Columbus City Council Considers Tougher Loitering Law
(Columbus)--The Columbus City Council are considering this evening an improved loitering in aid of a drug offense ordinance that prosecutors believe will allow police officers to effectively investigate suspected criminal activity without violating the constitutional rights of those being questioned. Ordinance 0262-2012, sponsored by Councilmember Michelle M. Mills, chair of the Public Safety & Judiciary Committee, amends Section 2317.50 of the Columbus City Code, 1959, pertaining to loitering in aid of a drug offense by adding clarity to the definitions of elements of a prima facie case for this type of suspected criminal activity. According to the legislation, the code change improves on current language by differentiating between lawful activities and loitering in aid of drug offense or intent to participate in illegal activities.
“The new law is a result of a series of community meetings, public hearings and hard work by the men and women of City Attorney Richard C. Pfeiffer, Jr.’s office,” said Councilmember Mills. “It has always been the City’s goal to balance the rights of our residents and the needs of our police officers when it comes to protecting the community.”

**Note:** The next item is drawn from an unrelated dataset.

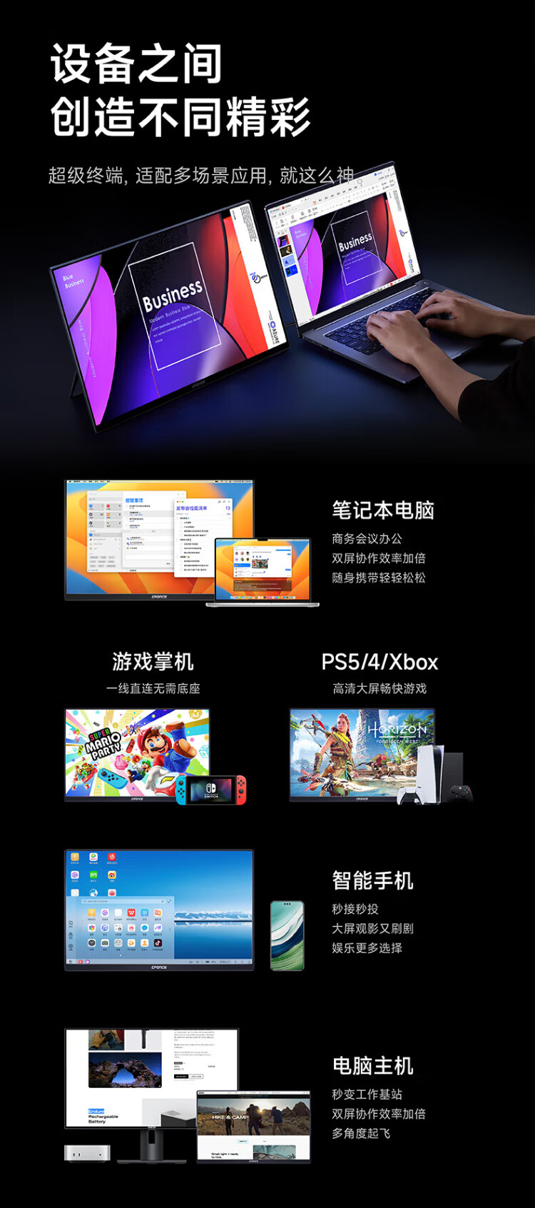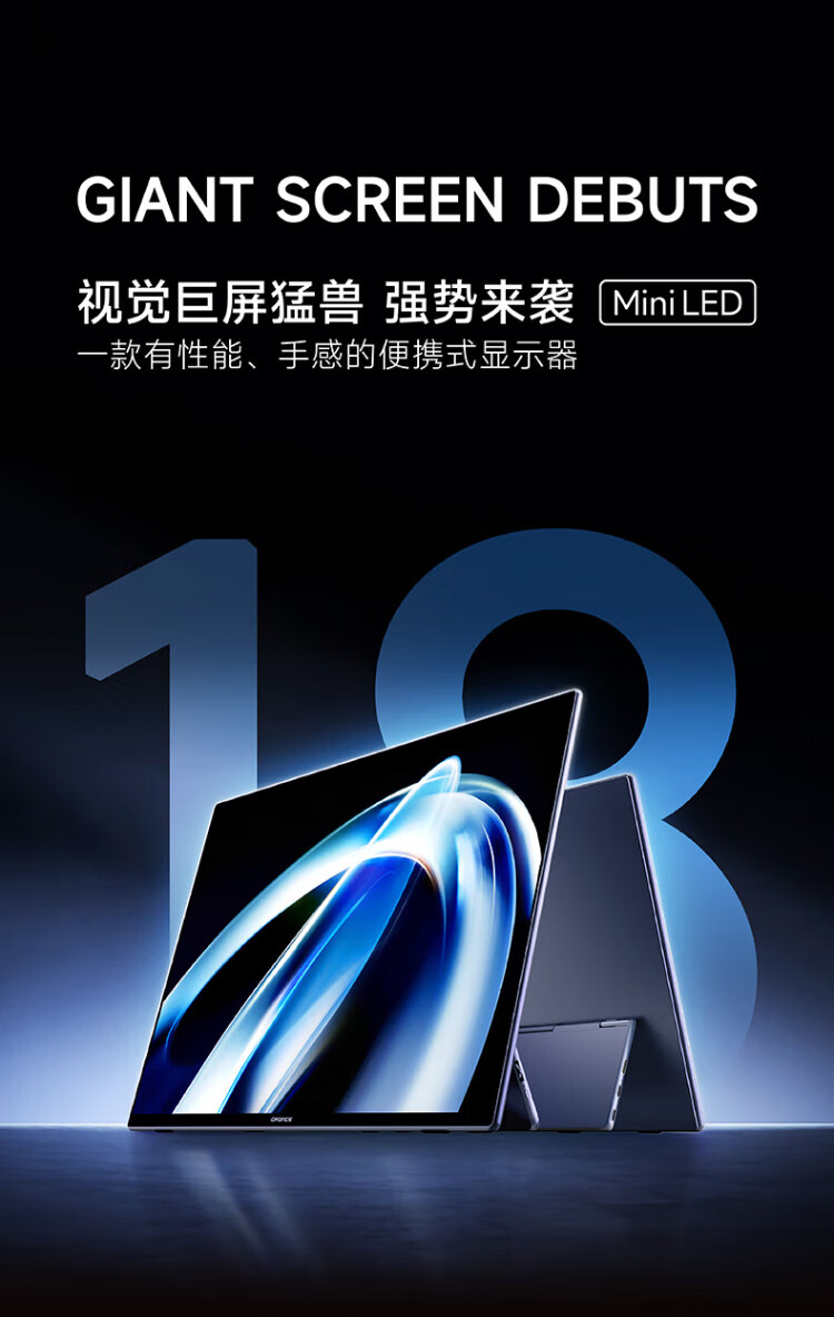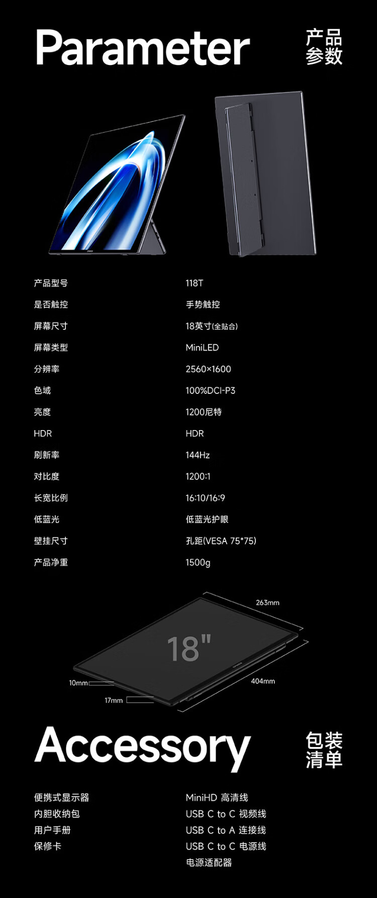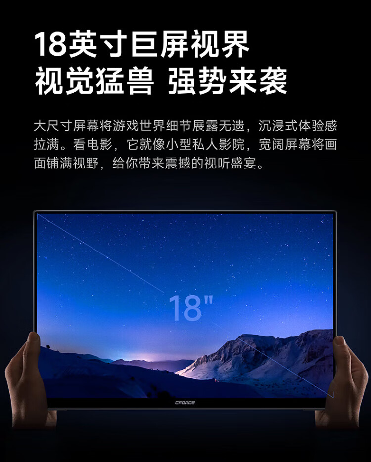 C-FORCE 18-inch MiniLED touch 144hz high brush portable display switch mobile phone laptop secondary screen portable screen desktop extended screen 2k e-sports screen 16-inch 2.5K 144Hz 16H metal arm hanging

The ordinance also increases the penalties for all loitering in aid of drug offense violations from an M4, punishable with up to 30 days in jail and a $250 fine, to an M1, punishable with up to six months in jail and a $1,000 fine. It also requires 10 days jail time, without eligibility for work release if the violation takes place within 1,000 feet of specific community facilities, such as playgrounds and schools. It is also important to note that no arrest will be made until a suspect has an opportunity to explain his or her conduct or actions to a police officer.